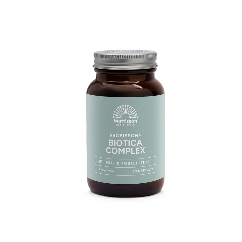 Mattisson biotica complex bestaat uit 17 bacteriestammen van 10 miljard eenheden CFU per capsule in combinatie met het prebioticum Sunfiber® en het postbioticum Epicor®.
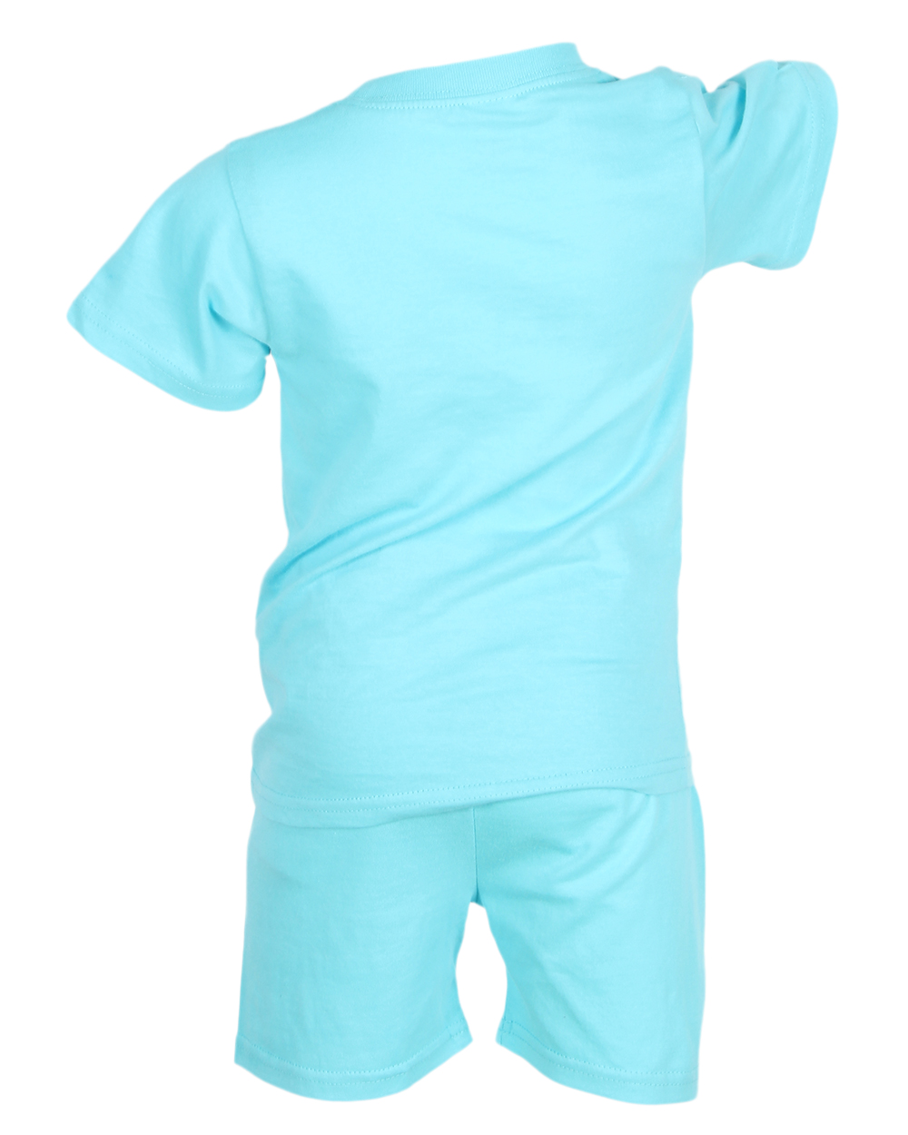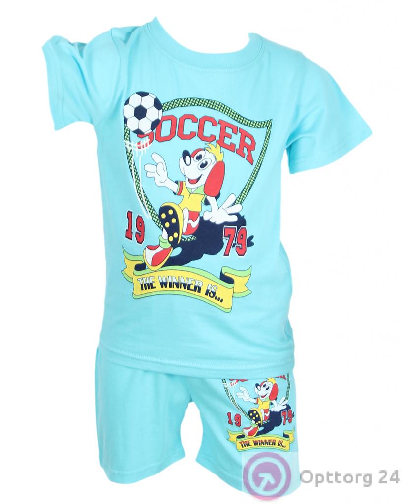 Трикотажный костюм состоящий из шорт и футболки. Модель украшена рисунком собачки-футболиста и надписью.
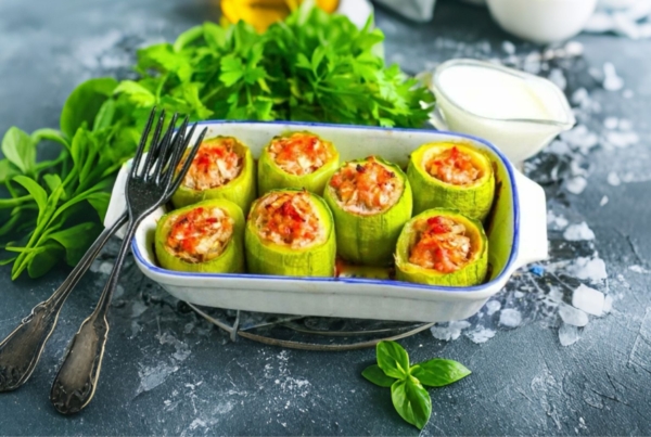 Состав: кабачок, болгарский перец, помидор, курица, лук, твердый сыр, майонез
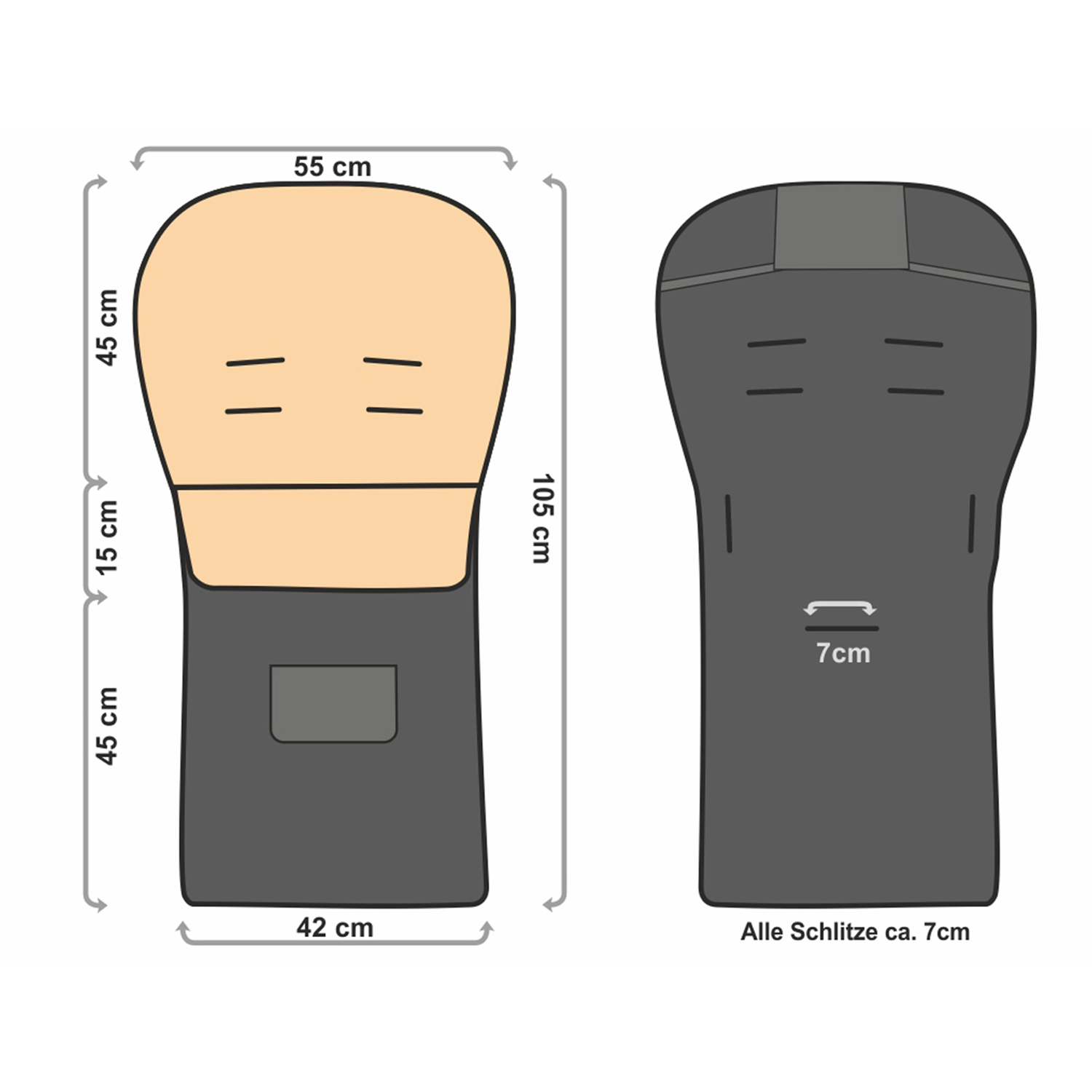 • 6 SCHLITZE | Inklusive Frontschlitz, flexible Befestigung, sicherer Halt im Kinderwagen, Buggy oder Schlitten garantiert.
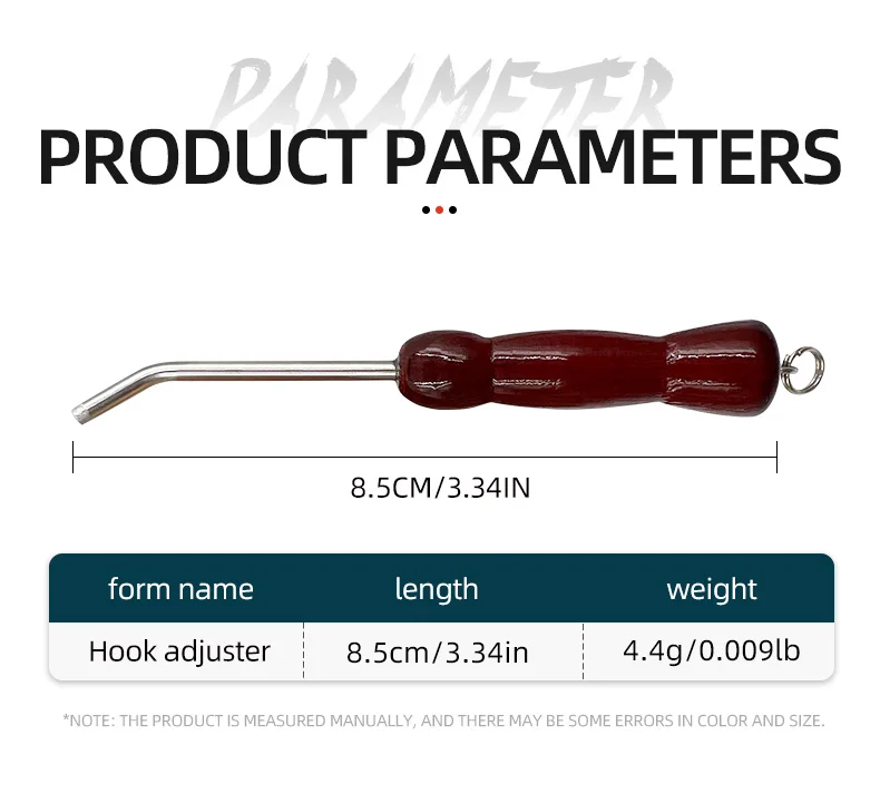 Lula Hook Adjuster es una herramienta especializada diseñada para remodelar anzuelos de calamar deformados.La herramienta fabricada en acero inoxidable 304 y mango de madera.Puede remodelar y afinar los anzuelos de calamar doblados de manera fácil y segura.Este es un equipo importante para todos los pescadores de calamar que recuperan las plantillas de calamar destruidas a la funcionalidad.Nombre del productoAjustador de anzuelo de calamarMaterialAcero inoxidable + maderaMOQ10 piezas
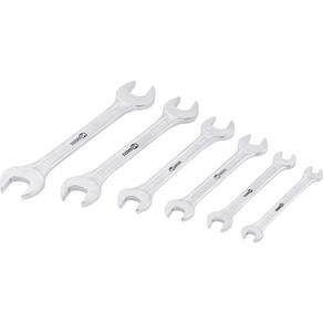 Jogo Chave Fixa 6-17mm Aço Carbono Com 6 Peças Estojo Plásti Conteúdo da embalagem 1 Jogo de chaves fixas composto por um estojo plástico com 6 peças, sendo: 6 mm x 7mm, 8mm x 9 mm, 10 mm x 11 mm, 12 mm x 13 mm, 14 mm x 15 mm e 16 mm x 17 mm Aplicações e dicas de uso Indicado para apertar e soltar porcas e parafusos sextavados. Nunca utilizar prolongadores sobre as chaves, pois isso aumentará o torque aplicado e diminuirá a vida útil da ferramenta. Uso leve. Destaques e diferenciais Corpo das chaves com acabamento cromado fosco, proporcionando maior resistência contra oxidação/corrosão. Possui pontas estreitas que possibilitam o uso em locais de difícil acesso. DETALHES TÉCNICOS
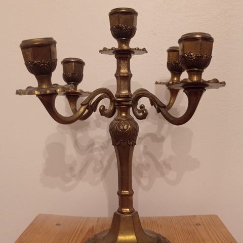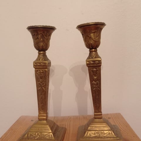 Kaksi puista maalattua kynttilänjalkaa
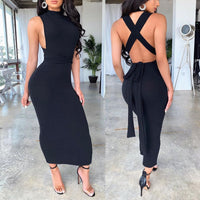 Solid color halter one step dress - Black / M
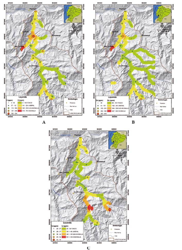 Los sedimentos con concentraciones más elevadas de V, U y Zn, provienen de las rocas de la Formación Puyango principalmente, la cual esta compuesta de calizas negras, calizas bituminosas y lutitas calcáreas de origen marino. Estas rocas al contener materia orgánica pueden estar albergando una mineralización de estos elementos, debido a que pueden ser trampas geoquímicas de los elementos redox sensibles antes mencionados, corroborando las anomalías radiométricas analizadas en el sector en los años 70´s y 80´s.
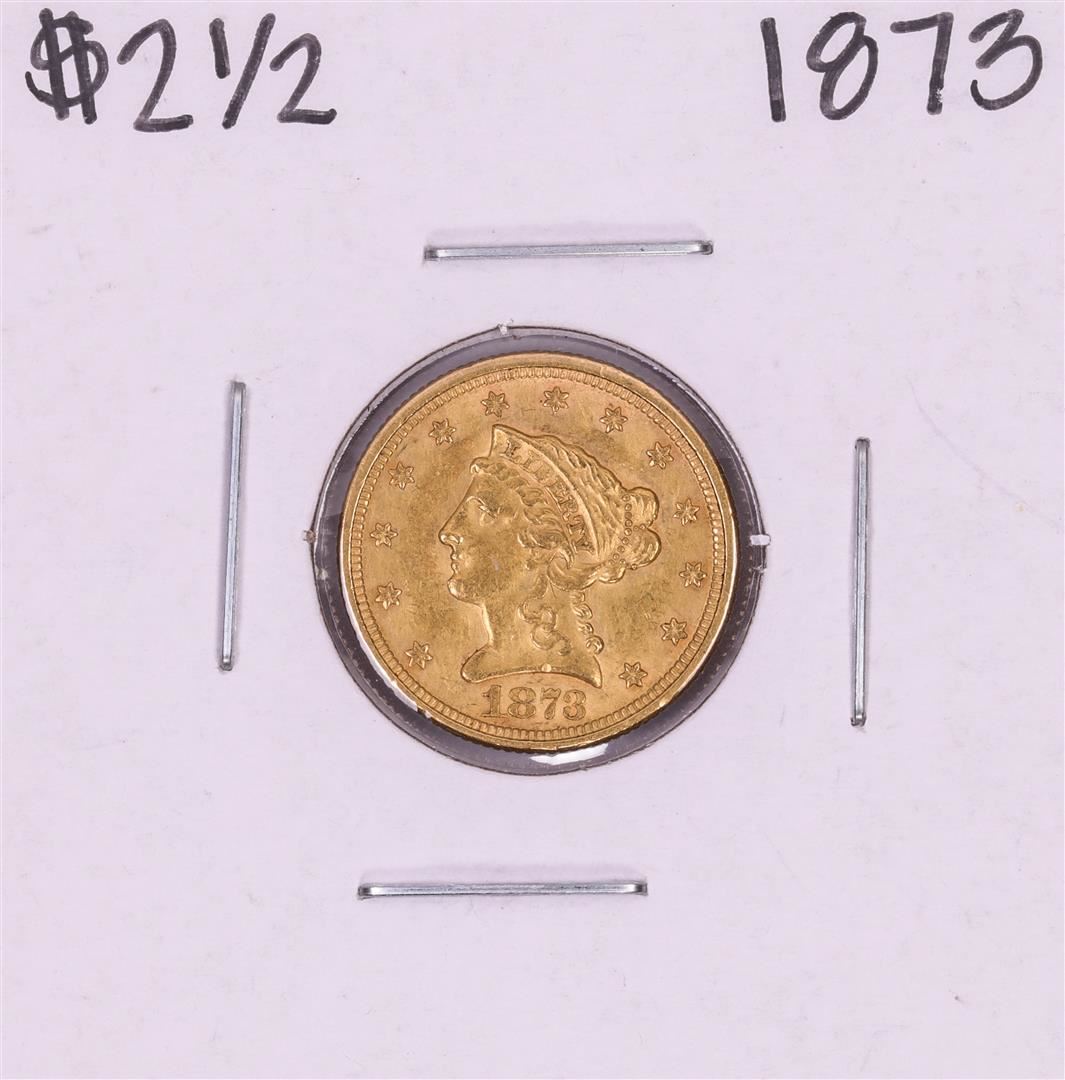 One 1873 $2 1/2 Liberty Head Quarter Eagle Gold Coin.

= = =

- What you will do:
Once the pictures are set aside, give the rest of the material again unchanged.

- Solution to the problem:
 Mattisson biotica complex bestaat uit 17 bacteriestammen van 10 miljard eenheden CFU per capsule in combinatie met het prebioticum Sunfiber® en het postbioticum Epicor®.
 Трикотажный костюм состоящий из шорт и футболки. Модель украшена рисунком собачки-футболиста и надписью.
 Состав: кабачок, болгарский перец, помидор, курица, лук, твердый сыр, майонез
 • 6 SCHLITZE | Inklusive Frontschlitz, flexible Befestigung, sicherer Halt im Kinderwagen, Buggy oder Schlitten garantiert.
 Lula Hook Adjuster es una herramienta especializada diseñada para remodelar anzuelos de calamar deformados.La herramienta fabricada en acero inoxidable 304 y mango de madera.Puede remodelar y afinar los anzuelos de calamar doblados de manera fácil y segura.Este es un equipo importante para todos los pescadores de calamar que recuperan las plantillas de calamar destruidas a la funcionalidad.Nombre del productoAjustador de anzuelo de calamarMaterialAcero inoxidable + maderaMOQ10 piezas
 Jogo Chave Fixa 6-17mm Aço Carbono Com 6 Peças Estojo Plásti Conteúdo da embalagem 1 Jogo de chaves fixas composto por um estojo plástico com 6 peças, sendo: 6 mm x 7mm, 8mm x 9 mm, 10 mm x 11 mm, 12 mm x 13 mm, 14 mm x 15 mm e 16 mm x 17 mm Aplicações e dicas de uso Indicado para apertar e soltar porcas e parafusos sextavados. Nunca utilizar prolongadores sobre as chaves, pois isso aumentará o torque aplicado e diminuirá a vida útil da ferramenta. Uso leve. Destaques e diferenciais Corpo das chaves com acabamento cromado fosco, proporcionando maior resistência contra oxidação/corrosão. Possui pontas estreitas que possibilitam o uso em locais de difícil acesso. DETALHES TÉCNICOS
 Kaksi puista maalattua kynttilänjalkaa
 Solid color halter one step dress - Black / M
 Los sedimentos con concentraciones más elevadas de V, U y Zn, provienen de las rocas de la Formación Puyango principalmente, la cual esta compuesta de calizas negras, calizas bituminosas y lutitas calcáreas de origen marino. Estas rocas al contener materia orgánica pueden estar albergando una mineralización de estos elementos, debido a que pueden ser trampas geoquímicas de los elementos redox sensibles antes mencionados, corroborando las anomalías radiométricas analizadas en el sector en los años 70´s y 80´s.
 One 1873 $2 1/2 Liberty Head Quarter Eagle Gold Coin.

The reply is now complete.